The process/population moments of \(X\sim\Gamma\left(\alpha,\beta\right)\) are

\[\begin{split} \begin{cases} m_{1}=E(X)=\mu=\frac{\alpha}{\beta}\\ m_{2}=E\left(X^{2}\right)=E\left(X^{2}\right)-E(X)^{2}+E(X)^{2}=\sigma^{2}+\mu^{2}=\frac{\alpha}{\beta^{2}}+\frac{\alpha^{2}}{\beta^{2}} \end{cases} \end{split}\]

By matching these with sample moments we get the equation for the method of moments estimator:

\[\begin{split} \begin{cases} \hat{\mu}=\overline{x}_{n}=\frac{\hat{\alpha}_{mm}}{\hat{\beta}_{mm}}\\ \hat{\sigma}^{2}+\hat{\mu}^{2}=\overline{x}_{n}^{2}+s_{n}=\frac{\hat{\alpha}_{mm}^{2}}{\hat{\beta}_{mm}^{2}}+\frac{\hat{\alpha}_{mm}}{\hat{\beta}_{mm}^{2}} \end{cases} \end{split}\]

which yields

\[\begin{split} \begin{cases} \hat{\alpha}_{mm}=\frac{\overline{x}_{n}^{2}}{s_{n}}\\ \hat{\beta}_{mm}=\frac{\overline{x}_{n}}{s_{n}} \end{cases} \end{split}\]
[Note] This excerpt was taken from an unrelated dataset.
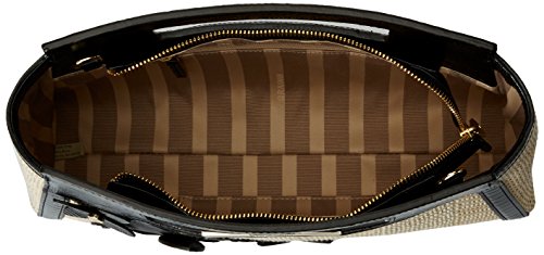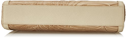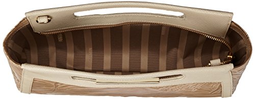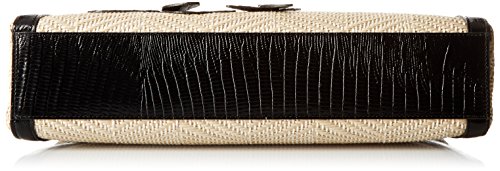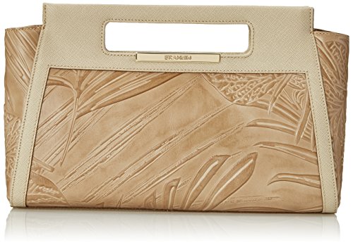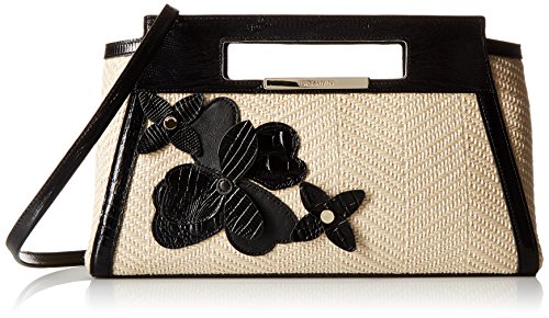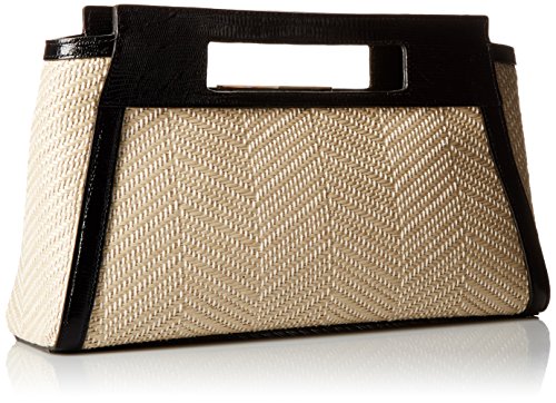 -. Feature : Large structured clutch featuring long cutout handles and engraved logo plaque / Removable shoulder strap
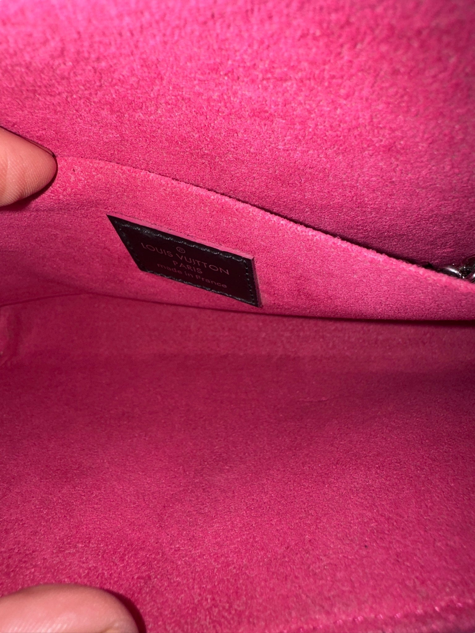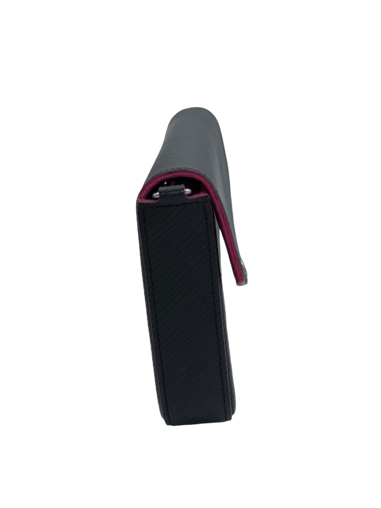 This pre-owned Louis Vuitton Epi Leather Felicie Pochette GM Black & Pink Crossbody Bag is a stylish accessory perfect for any occasion.

By contrast, the maximum likelihood estimator is obtained from maximizing the likelihood:

\[ \log\mathcal{L}\left(\alpha,\beta\right)=\sum_{i=1}^{n}\left(-\log\Gamma(\alpha)-\alpha\log\beta+\left(\alpha-1\right)\log\left(x_{i}-x_{o}\right)-\frac{\left(x_{i}-x_{o}\right)}{\beta}\right) \]

and the mle estimators for \(\alpha\) and \(\beta\) are obtained by setting the partial derivatives to zero. Thus the mle estimators satsify

\[\begin{split} \begin{cases} \frac{\partial\mathcal{L}}{\partial\alpha}\left(\hat{\alpha}{}_{mle},\hat{\beta}{}_{mle}\right)=0\\ \frac{\partial L}{\partial\beta}\left(\hat{\alpha}{}_{mle},\hat{\beta}{}_{mle}\right)=0 \end{cases} \end{split}\]

\[\begin{split} \begin{cases} n\left(\ln\hat{\beta}{}_{mle}-\frac{d}{d\alpha}\ln\Gamma\left(\hat{\alpha}{}_{mle}\right)\right)+\sum_{i=1}^{n}\ln\left(x_{i}\right)=0\\ n\frac{\hat{\alpha}{}_{mle}}{\hat{\beta}{}_{mle}}-\sum_{i=1}^{n}x_{i}=0 \end{cases} \end{split}\]

Which can be rewritten as:

\[\begin{split} \begin{cases} n\left(\ln\hat{\alpha}-\ln\overline{x}_{n}-\frac{d}{d\alpha}\ln\Gamma\left(\alpha\right)+\overline{\ln\left(x\right)}_{n}\right)=0\\ \hat{\beta}{}_{mle}=\frac{\hat{\alpha}{}_{mle}}{\overline{x}_{n}} \end{cases} \end{split}\]

Notice that for the gamma distribution, the mle and method of moments estimators are not identical. Indeed the stats.gamma.fit function in scipy allows one to fit alpha and beta using two different methods.

Other estimators

We can build yet other estimators. For example, We talked about how we can approximate (i.e. estimate!) the variance of a random process using \(n\) samples \(\left\{ x_{1}\ldots x_{n}\right\} \) as:

\[ s_{n}=\frac{1}{n}\sum_{i=1}^{n}\left(x_{i}-\overline{x}_{n}\right)^{2} \]

And we talked about how we build a different estimator by applying Bessel’s correction to \(s_{n}\):

\[ s_{n-1}=\frac{n}{n-1}s_{n}=\frac{1}{n-1}\sum_{i=1}^{n}\left(x_{i}-\overline{x}_{n}\right)^{2} \]

This correction might be desirable (sometimes) because it yields an unbiased estimator.

But in principle, we could build any kind of estimator. A large part of (frequentist) statistics deals with building better estimators, that might have more desirable properties than MLE or method of moments.

For example, we could always estimate the sample-mean of the population to be zero. That would be a very poor estimator, but nonetheless it would be an estimator.

Later in the course we will spend a lot of time looking at a class of estimators called regularized estimators for dealing with linear regression.